What is brainstorming?
December 9, 2019

Productivity

What Is Brainstorming and How to Maximize its Effect?

By Pavel Kukhnavets

Any successful company has team players who can think out of the box in order to solve problems creatively.

Organizations with a rigid corporate environment often are not conducive for the free ideas exchanging, while companies that allot their employees’ free time to pursuing creative projects have more chances to conduct effective brainstorming.

A brainstorming session is an integral part of most startups today. What are the specific nature and the essence of this event? Let’s start with the definition.

What is Brainstorming?

Looking for an appropriate brainstorming definition, you may find various interpretations; however, the basic value boils down to generating ideas to solve any collective problem. The method of brainstorming is a creative process that involves a freewheeling group discussion. 

Brainstorming usually involves a group of effective team players and a facilitator. Ideally, every meeting participant thinks aloud and suggest as many ideas and suggestions as possible.

Group discussion, analysis, or any criticism of the potential ideas are allowed only when the brainstorming meeting is over, and the evaluation session begins. 

The rules of effective brainstorming

What is the purpose of brainstorming?

The main idea and the real power of any well-run brainstorming session is that participants combine their ideas in a free-thinking environment, broadening the solution space.

Before running a brainstorming session, it is worth sending an e-mail to all involved employees letting them know the issues to be addressed and giving them time to bring a unique idea to the table.

The ideal brainstorming should combine a relaxed and informal approach to problem-solving and encourage people to express their ideas that may, at first, seem a bit quirky. Often these crazy ideas can be turned into creative and powerful solutions.

Why do you need brainstorming?

It’s crucial to start solving problems with a structured analytical process; otherwise, people can generate limited and unimaginative ideas. As brainstorming provides a free informal environment, it encourages all team members to actively participate. 

Aimed to solve problems, brainstorming sessions bring the diverse experience of team members into play. They let the group increase the richness of explored ideas and find solutions in a positive and rewarding way. Brainstorming also helps team members to be more committed to an approach as if they were involved in developing it. 

Types of Brainstorming

Individual Brainstorming

You may think that group discussion is more effective at generating ideas, however, there is an opinion that individual brainstorming produces even more.

The individual brainstorming session may be most effective if you have a simple problem, and need to create a list of ideas or focus on a broad issue. The group one is often more efficient in solving complex problems.

Brainstorming alone, you don’t need o to worry about other people’s opinions, and you can be more creative. The only disadvantage of this approach is that you may not produce ideas as fully as you do not have the wider experience of other group members.

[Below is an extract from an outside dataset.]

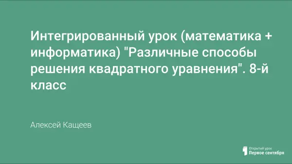 Интегрированный урок (математика + информатика) "Различные способы решения квадратного уравнения". 8-й класс

Group and individual brainstorming

Group Brainstorming

Brainstorming that involves different people allows taking advantage of their experience and group creativity. Group creativity can save and take an idea to the next stage in case one member gets stuck with it.

Collective discussion helps individuals feel that they have contributed to the solution. It reminds them that others have creative ideas to offer. 

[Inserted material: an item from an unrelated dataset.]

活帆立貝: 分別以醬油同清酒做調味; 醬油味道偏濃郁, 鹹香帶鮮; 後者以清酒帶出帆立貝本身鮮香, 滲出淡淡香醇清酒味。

However, try to avoid big group gatherings; groups of 5-7 people are usually the most effective ones.

Basic tips for a brainstorming facilitator

The success of a brainstorming session normally depends on how well the facilitator observes the following eight rules:

  1. Start with a target problem. Team members should totally understand the defined question and stay on topic.
  2. Limit time based on the complexity of each issue (15 to 45 mins are usually enough).
  3. Avoid judgment and criticism. No one in the team should be negative about any idea.
  4. Encourage weird ideas and make everyone feel free to communicate their ideas, as long as they stick to the topic.
  5. Think about the quantity and remember that it breeds quality. The sifting-and-sorting process comes later.
  6. Develop others’ ideas. Every participant may expand on others’ notions and reach new insights. 
  7. Show respect for everyone’s ideas and allow one conversation at a time.
  8. Visualize your ideas with helpful charts and diagrams to help others see things in different ways.

Choose a brainstorming activity over other techniques

There are many goal-achieving and problem-solving strategies besides brainstorming sessions, for example, Abstraction, Analogy, Hypothesis testing, Lateral thinking, Method of focal objects, Reduction, Root cause analysis, etc.

Compared to these and other methods, brainstorming contains the most appropriate and convenient phases, such as the presentation and definition of a central goal, generating ideas, discussion, and final evaluation. It allows teams to create a relaxed atmosphere that stimulates everyone’s participation.

When you brainstorm by yourself or in a group, you can find practical solutions to the issues you encounter.